Лев Аннинский - Красный век. Эпоха и ее поэты. В 2 книгах Страница 14

Тут можно читать бесплатно Лев Аннинский - Красный век. Эпоха и ее поэты. В 2 книгах. Жанр: Документальные книги / Публицистика, год -. Так же Вы можете читать полную версию (весь текст) онлайн без регистрации и SMS на сайте «WorldBooks (МирКниг)» или прочесть краткое содержание, предисловие (аннотацию), описание и ознакомиться с отзывами (комментариями) о произведении.
Лев Аннинский - Красный век. Эпоха и ее поэты. В 2 книгах

Лев Аннинский - Красный век. Эпоха и ее поэты. В 2 книгах краткое содержание

Прочтите описание перед тем, как прочитать онлайн книгу «Лев Аннинский - Красный век. Эпоха и ее поэты. В 2 книгах» бесплатно полную версию:
Двухтомник известного критика и литературоведа Льва Аннинского содержит творческие биографии российских поэтов XX века, сумевших в своем творчестве наиболее полно и ярко выразить время и чьи судьбы неразрывно переплелись с историей страны. Книги могут быть использованы как пособие по литературе, но задача, которую ставит перед собой автор, значительно серьезнее: исследовать социальные и психологические ситуации, обусловившие взлет поэзии в Красный век.В первый том вошли литературные очерки, героями которых стали А.Блок, Н.Клюев, В.Хлебников, Н.Гумилев, И.Северянин, Вл. Ходассвич, О.Мандельштам, Б.Пастернак, ААхматова, М.Цветаева, В.Маяковский, С.Есенин, Э.Багрицкий, Н.Тихонов, П.Антокольский, И.Сельвинский, А.Прокофьев, М.Исаковский, А.Баркова, В.Луговской, А.Сурков, М.Светлов, Н.Заболоцкий, Л.Мартынов.Во второй том вошли литературные очерки, героями которых стали Д.Кедрин, Б.Корнилов, П.Васильев, Я.Смеляков, А.Тарковский, А.Твардовский, О.Берггольц, В.Тушнова, А.Яшин, К.Симонов, М.Алигер, В.Боков, П.Коган, М.Кульчицкий, Н.Майоров, М.Луконин, Б.Слуцкий, Д.Самойлов, С.Орлов, Н.Тряпкин, А.Межиров, Б.Чичибабин, Б.Окуджава, Н.Коржавин.

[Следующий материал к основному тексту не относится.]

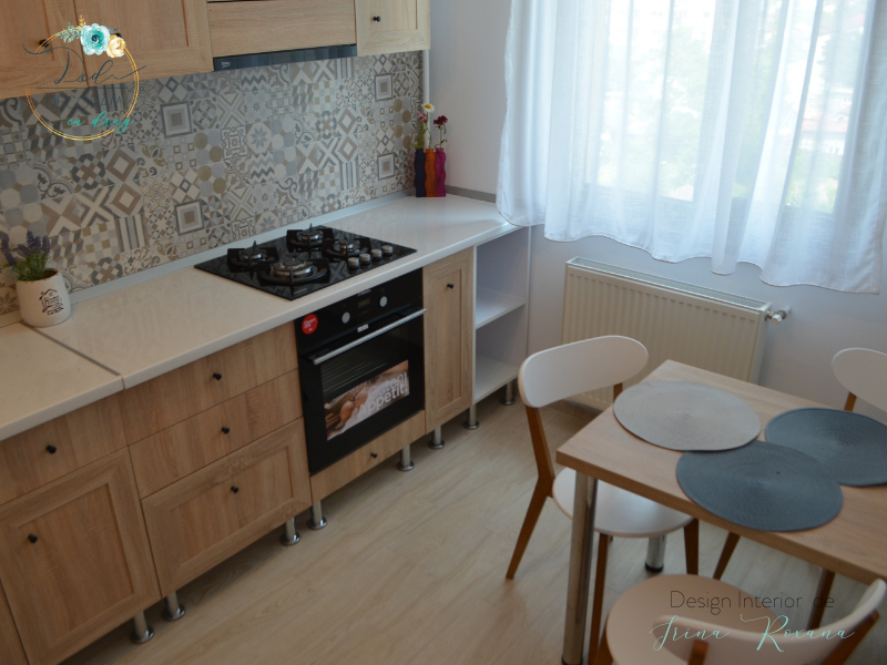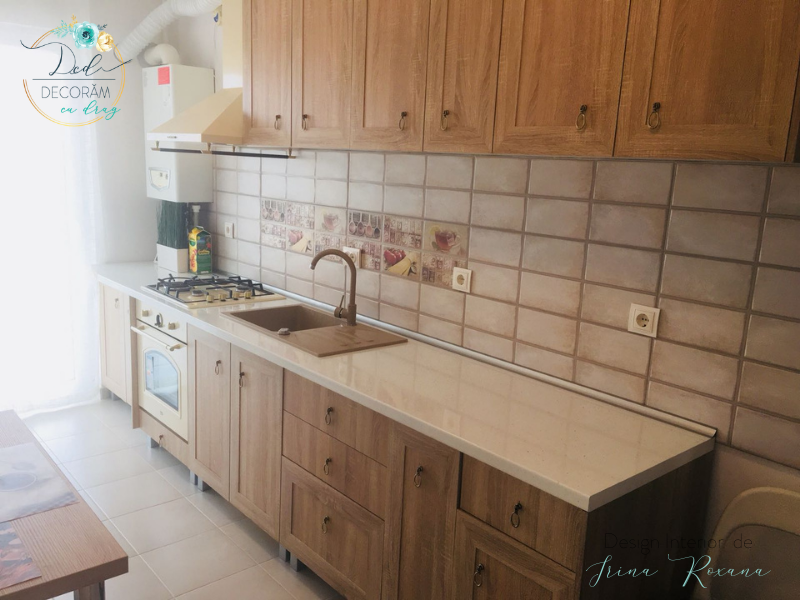 Haideti sa vedeti cum am refolosit o bucatarie montata de 1 an intr-un anumit spatiu, in alt apartament, aducand doar 2 corpuri in completare si schimband electrocasnicele si manerele.
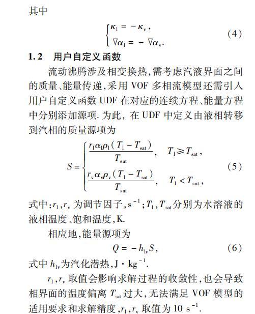 流動沸騰涉及相變換熱,需考慮汽液界面之間的質量、能量傳遞,采用VOF多相流模型還需引入用戶自定義函數UDF在對應的連續方程、能量方程中分別添加源項。為此,在UDF中定義由液相轉移到汽相的質量源項為
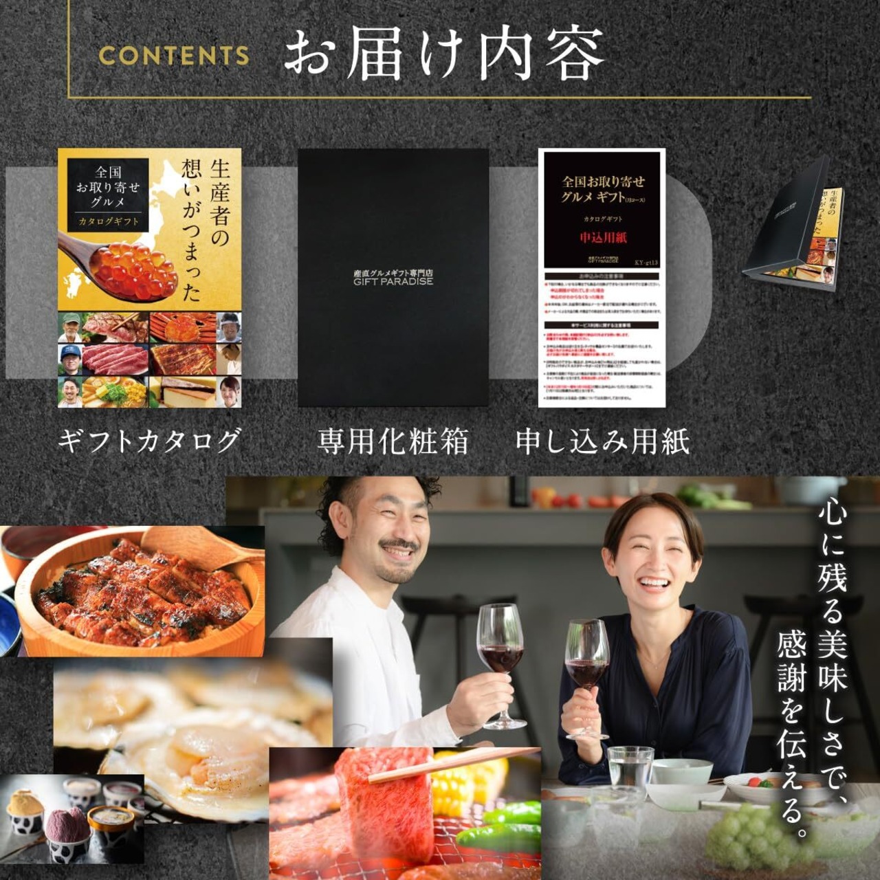 「このカタログは、シンプルな申し込み手順で、手間いらずで美味しい食材を楽しむことができる設計になっています。贈られた方が喜んでいただける、感動が詰まったグルメギフトであることは間違いありません!」
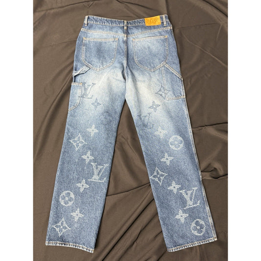 Louis Vuitton Monogram Denim Workwear Pants for Men in 34 Size

Лев Аннинский - Красный век. Эпоха и ее поэты. В 2 книгах читать онлайн бесплатно

Лев Аннинский - Красный век. Эпоха и ее поэты. В 2 книгах - читать книгу онлайн бесплатно, автор Лев Аннинский

Координаты гумилевского духа, заземленные на "литературу", предельно ясны: его "корежит от реалистов-бытовиков" и "тянет прочь от мистических туманов модернизма". Но ведь именно в этих координатах ищет себя и нарождающаяся советская лирика! И ее идеологов корежит от русского простонародного почвенничества, и они презирают туманную расслабленность! Дух Гумилева героичен, мужествен, мажорен. Но и новая лирика ищет того же. Гумилев моделирует лирику советской эпохи, создавая как бы контурный силуэт, в который она должна вписаться. Даже культ мастерства, формального тренажа, поэтического ремесла, который он проповедует, неутомимо возясь с безнадежными графоманами, даже эта его пролеткультовская цеховщина, о которой один остроумец сказал, что Гумилев успешно перековывает плохих поэтов в неплохих, — это же та самая "кузница кадров", которой бредит молодая советская власть! Все грядущие призывы ударников в литературу предвещены гумилевской методикой, и даже словечко "цех" — радость футуристов, конструктивистов и прочих комиссаров стиха — им придумано.

Иннокентий Анненский, страдающий директор царскосельской гимназии, как-то задает вопрос вечному царскосельскому гимназисту: к кому тот обращается в стихах, к Богу, к самому себе или к людям? Гумилев отвечает, ни мгновенья не колеблясь: к людям, конечно!

По глубинной сути, у него куда больше прав стать основоположником советской литературы, чем даже у Маяковского, — именно потому, что это — по глубинной героической сути, и без ломания себя до пролетарских лозунгов.

Между прочим, когда, узнав об аресте, ученые и литераторы побежали выручать, Бакаев, главный питерский чекист, переспросил:

— Какой-какой? Гумилевский? Не слыхал про такого. Да на что он нам — у нас свои поэты есть.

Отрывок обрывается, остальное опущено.